By Ethan Bilby
BRUSSELS (Reuters) - European Union states will send more than 200 military personnel to train Mali government forces in the fight against Islamist rebels.
The training mission has been under discussion for weeks but became more urgent after the al Qaeda-linked rebels pushed beyond their stronghold in northern Mali to threaten the capital Bamako, leading France to intervene last week.
EU foreign ministers gave the go-ahead at an emergency meeting on the Sahara crisis in Brussels on Thursday.
Western stakes in the crisis were underlined when Islamist gunmen took dozens of foreign and local workers hostage at an Algerian desert gas facility on Wednesday, demanding that France pull its troops out of Mali.
EU governments intend to train the Malian army - wracked by political divisions and a series of defeats to the rebels - but have no plans to broaden the mission to a combat role.
"Alongside the military response which the French are leading, we need to work on training Malian forces so they are able to exercise control over their own territory," British Europe minister David Lidington said before the meeting.
Governments fear northern Mali has now become a haven for a variety of Islamist groups and a base for attacks on Europe. Aside from helping Bamako restore its rule throughout Mali, they want to stop Islamist influence from spreading in West Africa.
The trend has gathered pace since the civil war in Libya that toppled Muammar Gaddafi in 2011 made it easier for militant groups operating in the thinly-populated Sahara to obtain arms.
Malian Foreign Minister Tieman Coulibaly, who travelled to Brussels to brief European foreign ministers, pleaded for help.
"A country like mine with limited resources needs assistance," he told reporters. "We need an international coalition: civilization versus terrorism, that's what we need."
The EU's mission, which it aims to launch by mid-February, will comprise about 200 to 250 military trainers as well as some security personnel.
It will provide basic battle training, advise the Malian authorities on command structure and logistics, and instruct them on matters such as dealing with prisoners. They will not advise Malian soldiers in battle.
"We will not go north. We will stay in the training areas," a senior EU official said.
France is eager to transfer leadership of its operation to Malian troops and forces promised by nations of the West African ECOWAS regional organization. French Foreign Minister Laurent Fabius said that meant its peers in the EU had to help more.
"You have to understand that, even though France is the leader, all the European countries are affected by terrorism," he told reporters in Brussels.
Britain is giving France logistical support for the Mali operation. Germany's Foreign Minister Guido Westerwelle said Berlin was providing planes to move West African troops.
Several others, EU's foreign policy chief Catherine Ashton said, were also ready to help France.
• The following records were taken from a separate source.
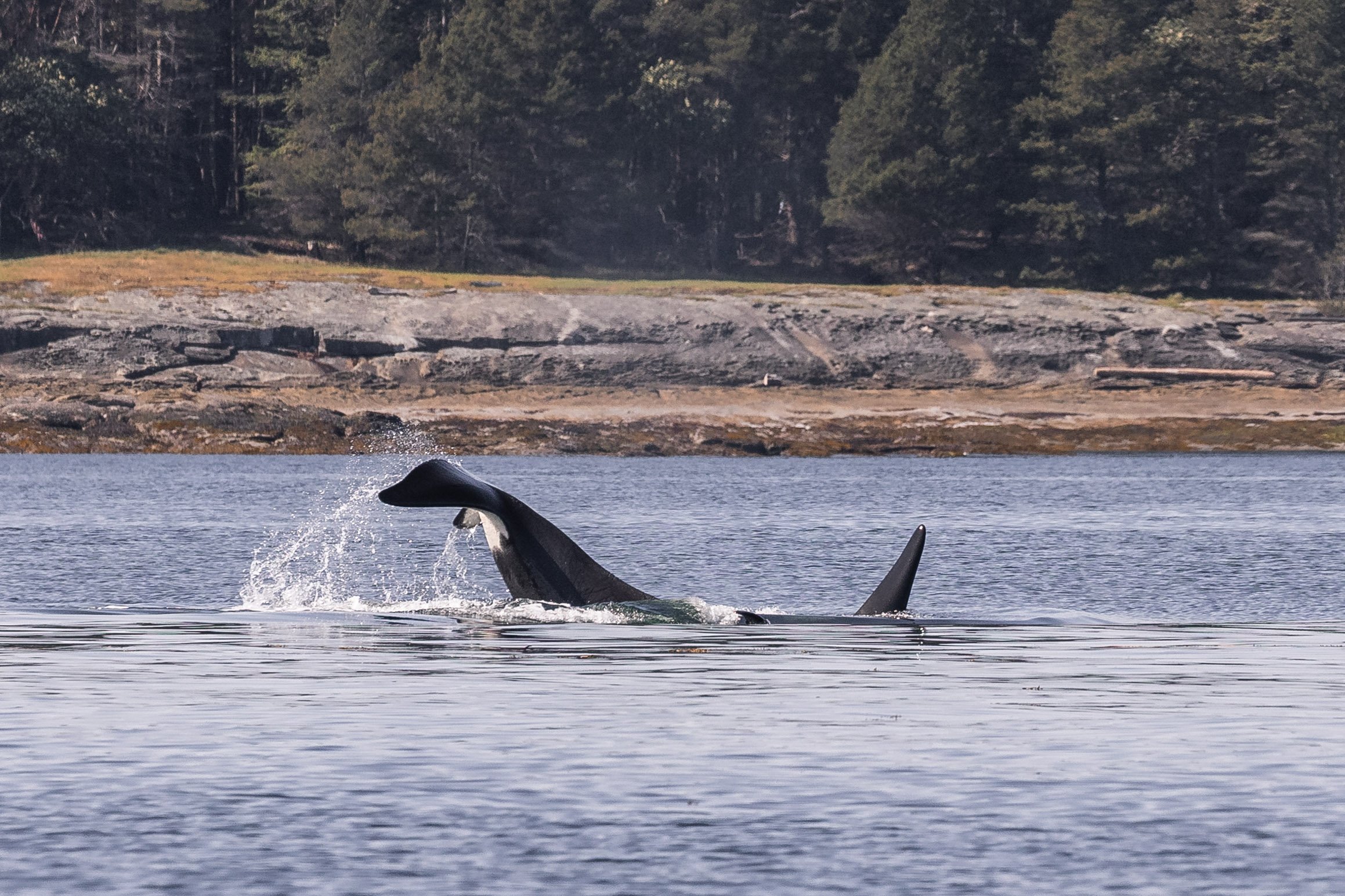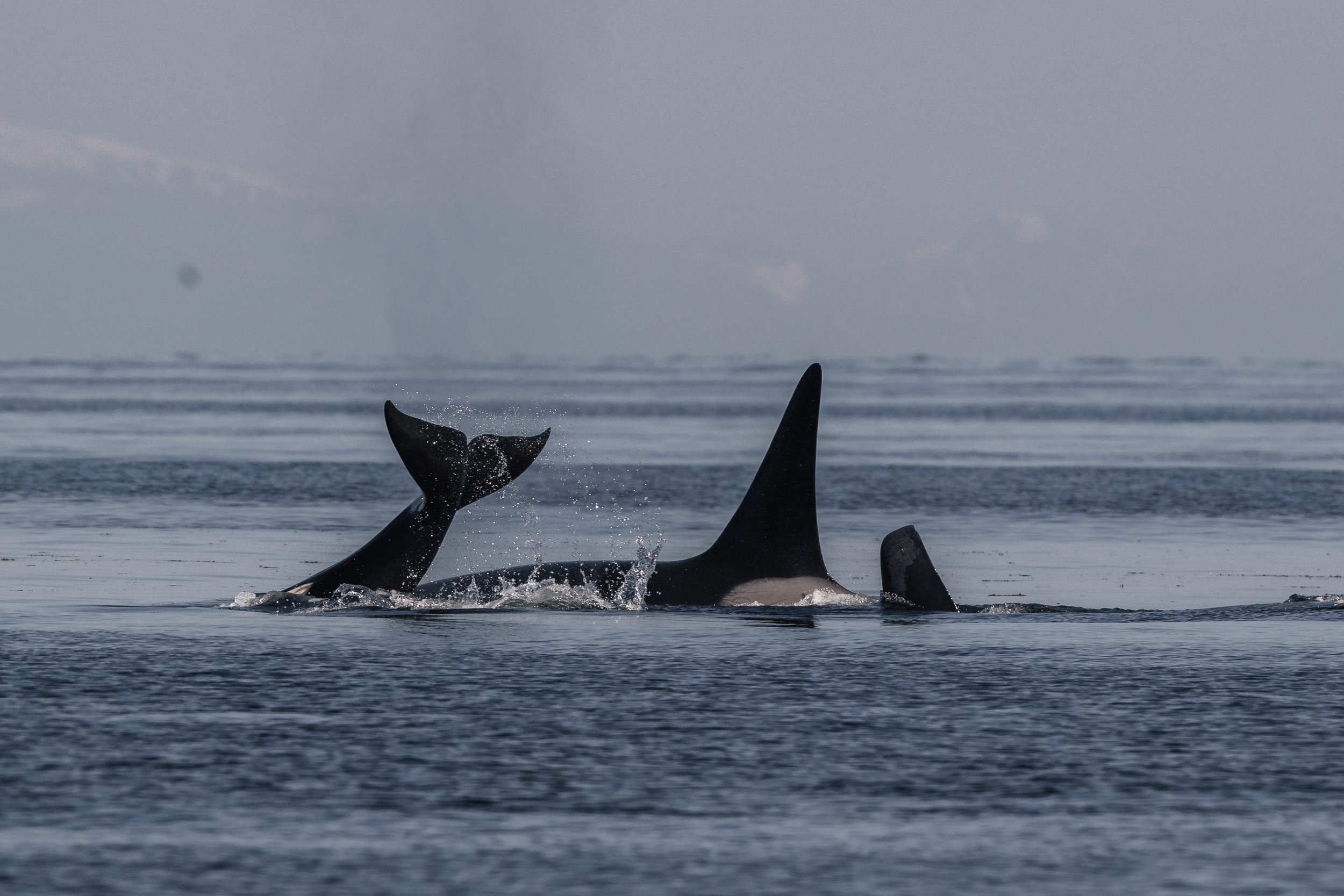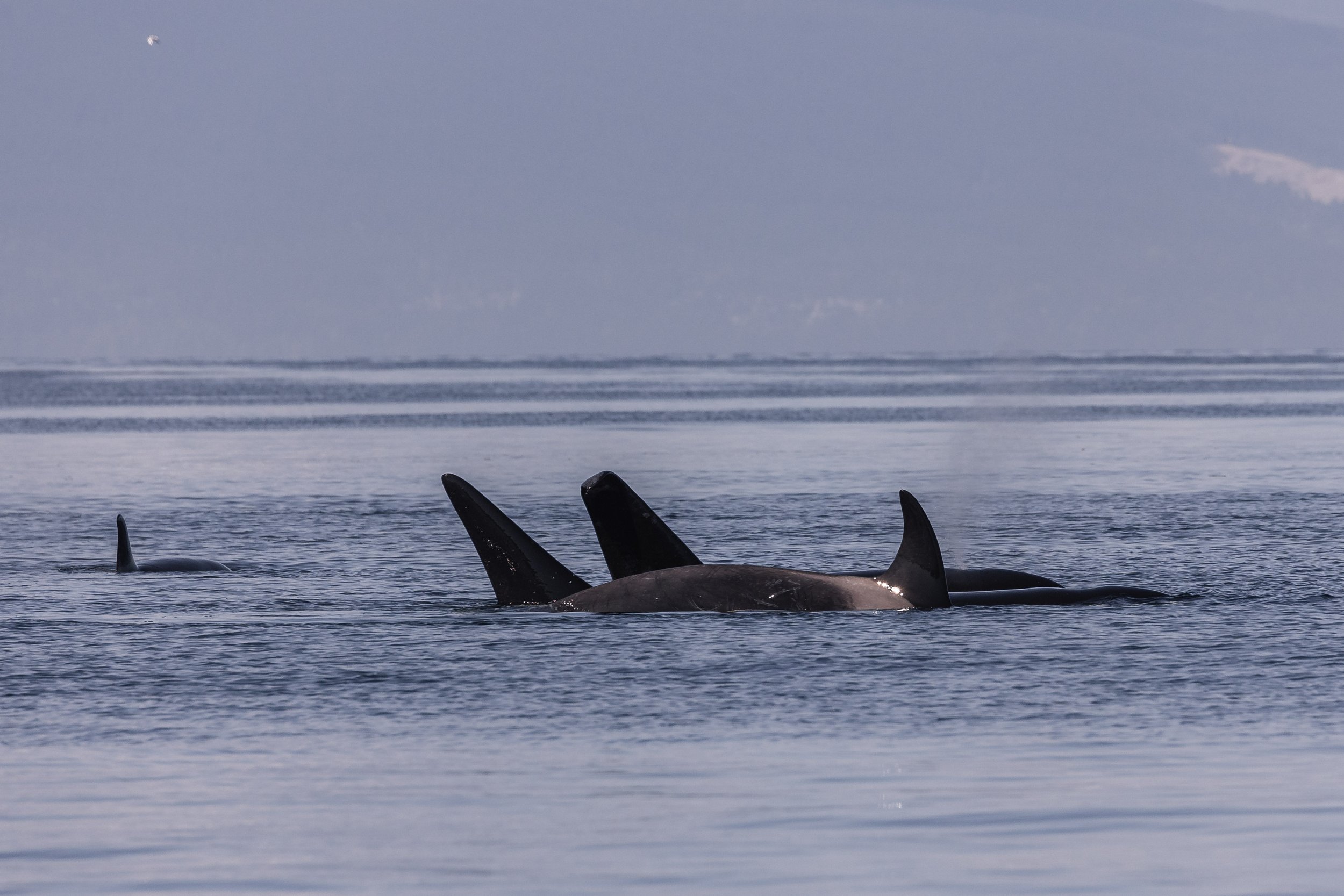 Once we had our time with the dolphins, our captains began to depart. We had caught word of an orca sighting nearby and we were eager to check it out. Eyes scanning the horizon, we caught sight of them north of Vance Island. Three large dorsal fins and a handful of smaller ones were travelling and socializing together. Marine Naturalists Vanessa and Aly quickly began capturing photos of the energetic group, working on identifying who was present. This turned out to be a mix of two lone males and one well-known matriline: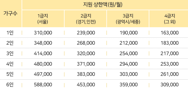 지급기간은 1년이며, 4인가구 기준 서울에 거주한다면 지원 상한액이 월 480,000원을 지급 받을 수 있는 것으로 나와 있으며 적지 않은 금액이므로 본인에게 해당되는 내용을 잘 찾아보시고 혜택을 누리면 좋을 것 같습니다.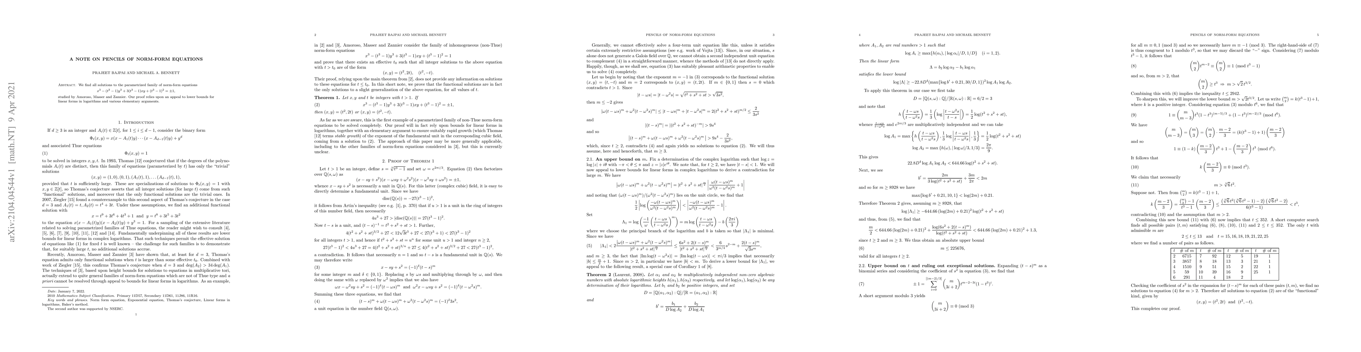 We find all solutions to the parametrized family of norm-form equations $x^3-(t^3-1)y^3+3(t^3-1)xy+(t^3-1)^2 = \pm 1$ studied by Amoroso, Masser and Zannier. Our proof relies upon an appeal to lower bounds for linear forms in logarithms and various elementary arguments.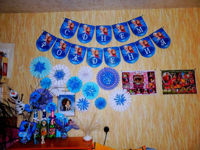 покрываете клеем. На них сверху на день рождения-гирлянды, с которыми справится

"On the military support, there were a number of countries who made it very clear to France that they would be willing to help France in every way," she said. "They did not rule in or rule out any aspect of that including military support."
EU development chief Andris Piebalgs said the bloc will give 50 million euros ($66 million) of funding to the West African force and held out the prospect of unblocking 250 million euros in aid for Mali that was frozen after a coup in March 2012.
In return, it wants the Malian government to move quickly to reunite the country and organize elections.